The two-motor series hybrid-electric drive in the truck is similar to the single-motor Hybri-Drive used in buses. While the civilian bus uses an air-cooled generator, the hardened truck uses a liquid-cooled generator that enables the FMTV to wade through 30 inches of water.

The FMTV power module can provide 200 kW of continuous exportable power, but future combat vehicles—packed with electronic systems—will require smart power management. The sensors, radios, computers, active suspension systems, electric gun turrets, nuclear/biological/chemical protective systems and other mission equipment on future vehicle can double the power demands on a hybrid-electric drive system. The ideal solution will automatically manage the load on available resources, and draw power from generators, batteries and other sources.

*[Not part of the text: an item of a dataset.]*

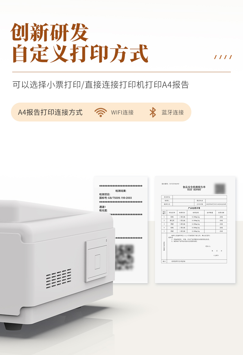 | 儀器采用手提一體化系統(tǒng)檢測(cè)技術(shù),將分光光度模塊、膠體金檢測(cè)模塊、新型農(nóng)殘檢測(cè)模塊、數(shù)字化管理模塊、無(wú)線通訊模塊高度集成于一體,支持檢測(cè)200種食品安全檢測(cè)項(xiàng)目,同時(shí)預(yù)留升級(jí)檢測(cè)方法。 | 儀器檢測(cè)模塊標(biāo)準(zhǔn)化、智能化,檢測(cè)項(xiàng)目可隨意自由組合。檢測(cè)箱體內(nèi)置多個(gè)標(biāo)準(zhǔn)檢測(cè)單元,檢測(cè)模塊可以調(diào)整配置。 | 顯示屏幕:儀器采用10.1英寸豎向液晶觸摸屏顯,搭配運(yùn)行安卓智能操作系統(tǒng),主控芯片采用ARM Cortex-A7,RK3288/4核處理器,主頻1.88Ghz,操作方便,性能更強(qiáng)。 | 檢測(cè)通道:≥12通道;采用精密旋轉(zhuǎn)比色池設(shè)計(jì),使用同芯片同光源校準(zhǔn)精度,解決不同光源之間的誤差值,更加準(zhǔn)確**。(1-12通道間誤差0.1%,**號(hào):ZL202022821055.2) | 儀器光源:高精度進(jìn)口四波長(zhǎng)冷光源,每個(gè)通道均配置 410、520、590、630nm 波長(zhǎng)光源,標(biāo)配**的光路切換裝置,**光路切換功能可實(shí)現(xiàn)64波長(zhǎng),并且所有檢測(cè)項(xiàng)目可實(shí)現(xiàn)所有通道同時(shí)檢測(cè)。 | 設(shè)備可一鍵校準(zhǔn),自動(dòng)保存校準(zhǔn)數(shù)據(jù),自動(dòng)對(duì)比校驗(yàn),得到精準(zhǔn)光源,采用Android SP存儲(chǔ)數(shù)據(jù),光源數(shù)據(jù)永不丟失,方便每一次使用。 | 通訊接口:配備無(wú)線通信模塊、4G(APN)通訊模塊、藍(lán)牙傳輸,同時(shí)具有雙USB接口以及RJ45網(wǎng)線接口,可以多方式實(shí)現(xiàn)數(shù)據(jù)保存及數(shù)據(jù)傳輸。 | 存儲(chǔ)方式:支持U盤存儲(chǔ),標(biāo)準(zhǔn)USB接口,免驅(qū)動(dòng)安裝。檢測(cè)結(jié)果存儲(chǔ)容量20萬(wàn)條以上,可生成Excel表格進(jìn)行拷貝,并具有登錄保護(hù)功能。 | 智能化操作系統(tǒng):: ★操作系統(tǒng):儀器可在同一檢測(cè)界面自動(dòng)對(duì)應(yīng)相關(guān)檢測(cè)通道,一次性選擇1-12個(gè)樣品名稱,無(wú)需退出界面,節(jié)省操作時(shí)間。并可以對(duì)每個(gè)通道屬性和樣品信息單獨(dú)進(jìn)行編輯,例如送檢單位、人員,檢測(cè)人員等,打印時(shí)勾選打印顯示。 | ★數(shù)據(jù)集成系統(tǒng):設(shè)備首頁(yè)自動(dòng)匯總分析檢測(cè)數(shù)據(jù),包含:周檢測(cè)數(shù)據(jù)、月檢測(cè)數(shù)據(jù),全部檢測(cè)總數(shù)量,均包含檢測(cè)總數(shù),合格數(shù),不合格數(shù),以及相關(guān)柱形分析圖,各項(xiàng)檢測(cè)數(shù)據(jù)一目了然,無(wú)需電腦查詢,更加快捷直觀。 | ★數(shù)據(jù)庫(kù)系統(tǒng):十幾項(xiàng)數(shù)據(jù)庫(kù)分類管理儀器:包含項(xiàng)目類型、項(xiàng)目數(shù)據(jù)、檢測(cè)數(shù)據(jù)、歷史記錄、國(guó)標(biāo)信息、曲線信息、采樣信息、檢測(cè)信息、受檢信息、復(fù)核信息、圖表信息、光源校準(zhǔn)信息、打印樣式信息、樣品庫(kù)信息等等,數(shù)據(jù)庫(kù)之間互相協(xié)調(diào)聯(lián)動(dòng)保證數(shù)據(jù)的真實(shí)完整性。同時(shí)產(chǎn)品數(shù)據(jù)庫(kù)以及歷史檢測(cè)記錄支持一鍵檢索功能。 | ★限量規(guī)判系統(tǒng):具有限量查詢、添加物質(zhì)合規(guī)判定系統(tǒng)。檢測(cè)出結(jié)果后,系統(tǒng)自動(dòng)調(diào)用系統(tǒng)數(shù)據(jù)庫(kù)中相關(guān)國(guó)標(biāo)進(jìn)行比對(duì)判定,客觀顯示判定結(jié)果是否合格 | ★項(xiàng)目預(yù)設(shè)系統(tǒng):儀器具有任務(wù)預(yù)設(shè)模塊,一鍵提前預(yù)設(shè),給出方便快捷的新檢測(cè)方案,每一個(gè)任務(wù)分別可以設(shè)置不同的樣品、批次、編號(hào)、來(lái)源、備注、抽樣信息、檢測(cè)信息、受檢信息、復(fù)核信息等更多信息。樣品送檢時(shí)一鍵調(diào)取保存信息,并可多次調(diào)取,大大提高檢測(cè)效率。 | ★數(shù)據(jù)監(jiān)管系統(tǒng):同步對(duì)接監(jiān)管平臺(tái),數(shù)據(jù)可局域網(wǎng)和互聯(lián)網(wǎng)數(shù)據(jù)上傳,檢測(cè)結(jié)果可選擇直接傳至食品安全監(jiān)管平臺(tái)。進(jìn)行區(qū)域食品安全監(jiān)管及大數(shù)據(jù)分析處理與數(shù)據(jù)統(tǒng)計(jì),檢測(cè)區(qū)域食品安全長(zhǎng)短期動(dòng)態(tài),達(dá)到食品安全問題預(yù)估、預(yù)警。 | ★打印系統(tǒng):內(nèi)置全新打印機(jī),新創(chuàng)自定義打印方式,可按需靈活勾選控制:產(chǎn)品合格證(國(guó)家農(nóng)業(yè)部標(biāo)準(zhǔn)要求),二維碼,抽樣信息、檢測(cè)信息,受檢信息、復(fù)核信息、抽樣日期、檢測(cè)日期等信息的打印。 | 供電模式:儀器交直流兩用,直流12V供電,可連接車載電源,可配6ah大容量充電鋰電池,電量可實(shí)時(shí)顯示,方便戶外流動(dòng)測(cè)試。 | 膠體金檢測(cè)模塊:采用雙通道CMOS成像處理技術(shù)及膠體金免疫層析技術(shù),可同時(shí)讀取雙膠體金卡數(shù)據(jù),自動(dòng)采集、處理分析,將檢測(cè)結(jié)果顯示,并可根據(jù)參考限值自動(dòng)判斷檢測(cè)結(jié)果,可檢測(cè)常見的獸藥殘留、生物毒素、抗生素、違禁添加物等。 | ★探測(cè)技術(shù):CMOS成像探測(cè); | ★檢測(cè)通道:1個(gè)通道; | ★檢測(cè)方式:消線法和比色法; | ★顯示模式:

Oshkosh Truck Corp. successfully used Maxwell Technologies ultracapacitors in its HEMTT LAS proof-of-concept demonstrator to store the energy of regenerative braking without batteries. In 2001, the National Automotive Center gave Oshkosh a grant to integrate the company’s ProPulse hybrid-electric drive into the so-called Transformation HEMTT. While the Army’s next-generation HEMTT A3 is not yet definitely a hybrid-electric vehicle, Oshkosh officials say that the ProPulse technology can help increase vehicle performance.

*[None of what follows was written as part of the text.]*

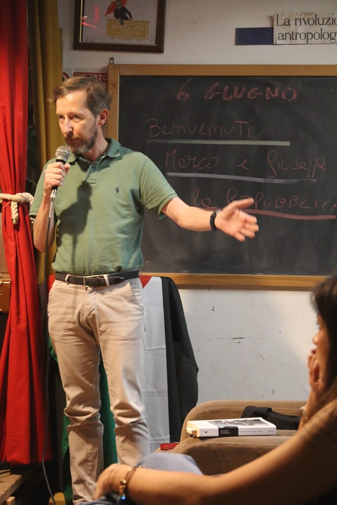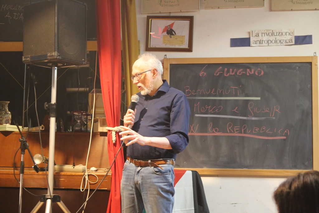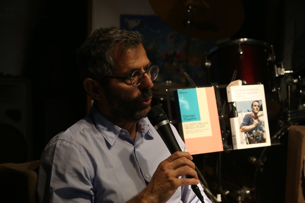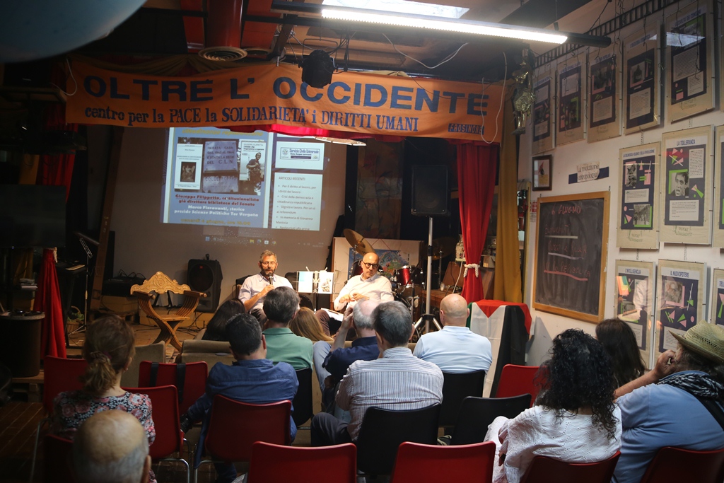 Doppio motivo quindi per invitarlo e avere un confronto, anche alla luce delle illuminanti posizioni in merito alla nascita della Costituzione italiana – L’estate che imparammo a sparare. Storia partigiana della Costituzione (2018), Feltrinelli – e alle considerazioni riguardo lo Stato postfascista, che, invece che farsi repubblicano attuando la Costituzione del 1947, la manda in esilio.

The first of six or seven hybrid-electric HEMTT pre-production test units will be demonstrated during the next two years. Compared with the proof-of-concept vehicle, the production hybrid HEMTT would have ruggedized components, to meet military specifications. While the demonstrator has one electric motor per axle, a productionized vehicle might use one motor per wheel end.

The proof-of-concept vehicle uses a 450 hp constant-speed diesel engine to power a 335 kW electric generator. The generator in turn provides direct power to the truck wheels without torque converters and other heavy transmission components.

Electrochemical ultracapacitors store energy as an electrostatic charge in a polarized liquid layer between an electrolyte and an electrode. They can be used with chemical batteries in hybrid electric vehicles. “The capacitors are much better-suited to giving up and receiving large quantities of energy in a short time,” says Gary Schmiedel, Oshkosh director of advanced products engineering.

Less vulnerable to extreme cold than batteries, ultracapacitors can last the life of the vehicle. The ultracapacitors in the proof-of-concept vehicle are expected to last 10 years, but the goal is 20 years. The technology in the Transformational HEMTT improves acceleration and grade-climbing performance compared to the standard truck, says Schmiedel.

The proof-of-concept vehicle has already powered hospital and airfield equipment, and a production hybrid-electric truck would have an engine sized to Army requirements. Unlike commercial hybrid vehicles that typically use smaller engines to maximize fuel economy, the hybrid HEMTT uses the same size diesel as a conventional HEMTT to preserve the original performance envelope. The 450 engine gives the demonstrator 335 kW of exportable power. A 505 hp engine could generate 400 kW. “We’re engine-neutral,” says Schmiedel.

The hybrid-electric drive with ultracapacitors makes it possible to run the engine at the most efficient speed, regardless of the road speed of the vehicle, he adds. It also makes it possible to tune the engine exhaust system to minimize noise signature when the engine is running. Engineers can bury hot mufflers and manifolds deeper in the vehicle to reduce infrared signatures.

Fuel-efficient, low-polluting hybrids have special commercial appeal in the stop-and-go duty cycles of municipal refuse trucks or “Wall-Mart Cycle” distribution trucks. “We always invested or partnered with industry because we knew where industry was moving,” says Skalny.